EconomyFinancialCNA accuses delay in permits to import transgenic corn

CNA accuses delay in permits to import transgenic corn

The Mexican government has delayed for more than two years the approval of import permits for genetically modified corn, contemplated in a planned ban even for cattle feed, accuses Juan Cortina, president of the National Agricultural Council (CNA).

The agribusiness leader asserted that the Federal Commission for the Protection against Sanitary Risks (Cofepris) has extended the endorsement to 16 requests for external purchases of genetically modified organisms, including eight for corn.

“It is an issue that is getting bigger and bigger,” said Cortina. “Before this administration? Of course not,” he answered the question of whether permits had been delayed in the past.

Cofepris did not respond to a request for comment on what Cortina said, adding that the list of delayed permits related to “crop protection” was for more than 700 agricultural products or inputs.

The leader said the CNA will continue to fight in court a government plan to phase out the use of genetically modified corn and the herbicide glyphosate by 2024, following a recent setback to try to freeze the implementation of the measure, announced at the end of December. through a presidential decree.

Cortina considered that “probably” the controversy will end up being settled in the Supreme Court.

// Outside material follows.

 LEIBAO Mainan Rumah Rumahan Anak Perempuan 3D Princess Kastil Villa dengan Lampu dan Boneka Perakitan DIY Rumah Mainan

“We are fighting it in the courts and we are also fighting it in dialogue with the government,” he said, adding that there are 17 legal resources from different companies, including the German pharmaceutical Bayer, which produces glyphosate, fighting the measure.

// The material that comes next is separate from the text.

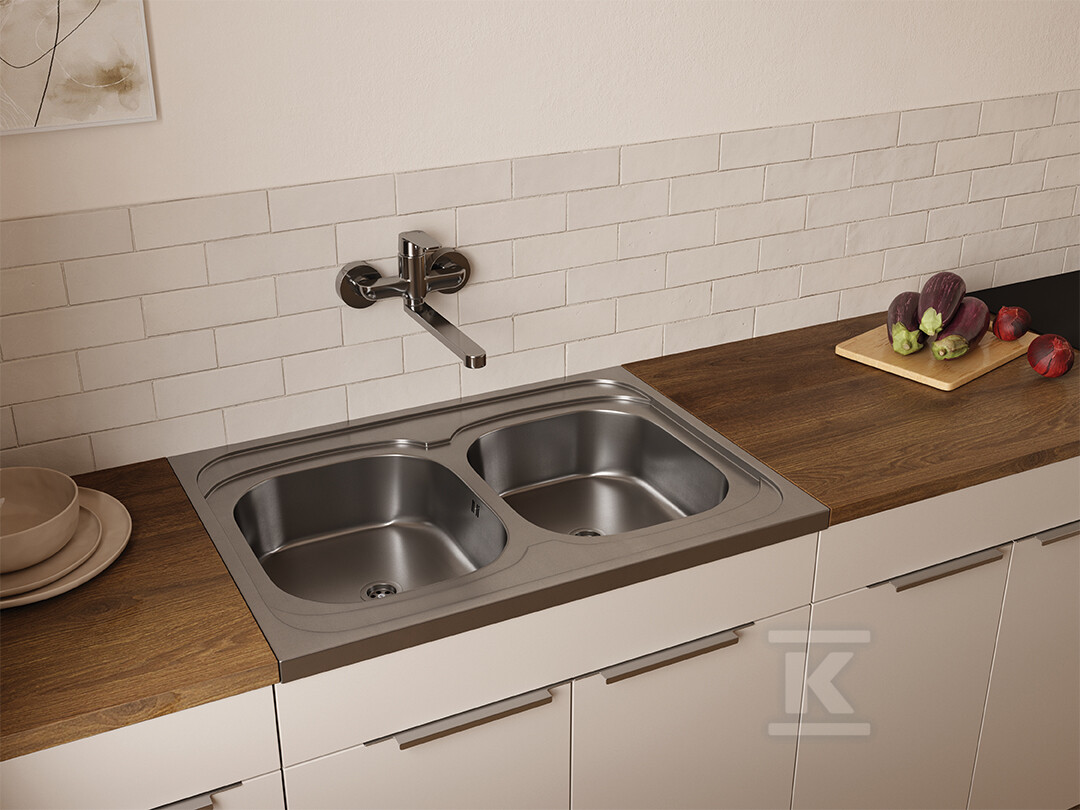 Ця двокамерна мийка з нержавіючої сталі є практичним рішенням для будь-якої кухні, особливо там, де важливе ефективне використання простору. Вона підійде як для невеликих блоків, так і для більших приміщень. Її розміри – 60x80 см – дозволяють зручно мити навіть великий посуд та каструлі. Конструкція, що накладається, полегшує монтаж та адаптацію до існуючої шафи шириною 80 см.

The plan seeks to replace millions of tons of genetically modified yellow corn that Mexico imports mostly from the United States, with new local production by 2024, as well as glyphosate, a chemical widely used in agribusiness, but which environmentalists say is carcinogenic.

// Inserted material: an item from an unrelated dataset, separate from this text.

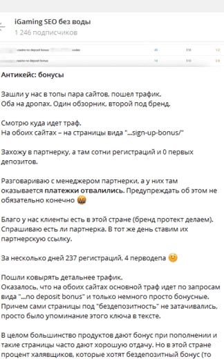 Другая проблема — это халявщики и бонусхантеры. Про вред профессиональных абузеров бонусов казино и БК мы рассказывали в отдельном материале. А про халявщиков, которые хотели получить бездепозитный бонус, рассказали сеошники в одном из тг-каналов.
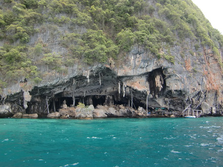 皮皮島上有幾個巨大的石灰?guī)r洞穴,泰國政府為了保護小皮皮島的生態(tài)環(huán)境,目前只開放維京洞穴供游人參觀。洞內(nèi)棲息著很多海燕,盛產(chǎn)燕窩,所以也被稱為“燕窩洞”。在附近的海面上,還可能看到工人采集燕窩的艱苦工作場面。

Imports of transgenic corn represent more than a third of the country’s national demand and mainly feed the large cattle industry in Mexico.

Difficult replacement

Cortina ruled out that the goal of replacing imported yellow corn can be met in the short term. “Although we would like to import it from another place, it does not exist, transgenic or non-transgenic. There are not those volumes for Mexico to import, much less in the efficient way that it has with the United States today,” he stressed.

He also contradicted the confirmation that US Secretary of Agriculture Tom Vilsack said he received from his Mexican counterpart that the ban would not apply to GM corn for cattle feed. Cortina said the ban will be used without exceptions.

“Precisely what is delicate about this issue is that it is applied to livestock feed. That is where the vast majority of the 17 million tons that are imported is located,” he said.

At the beginning of the year, the Mexican undersecretary of Agriculture and an architect of the decree, Víctor Suárez, said that transgenic corn and glyphosate are too dangerous and that local production and sustainable “agroecological” practices should be prioritized.

Cortina argued that decades of scientific research have shown that both GM corn and glyphosate are safe and warned of “enormous damage” to trade relations with the United States if ideological positions prevail over scientific evidence.

While Mexico’s largest scientific council, Conacyt, has issued guidance on how glyphosate imports will be reduced this year, Cortina says no such guidance has been provided for transgenic corn.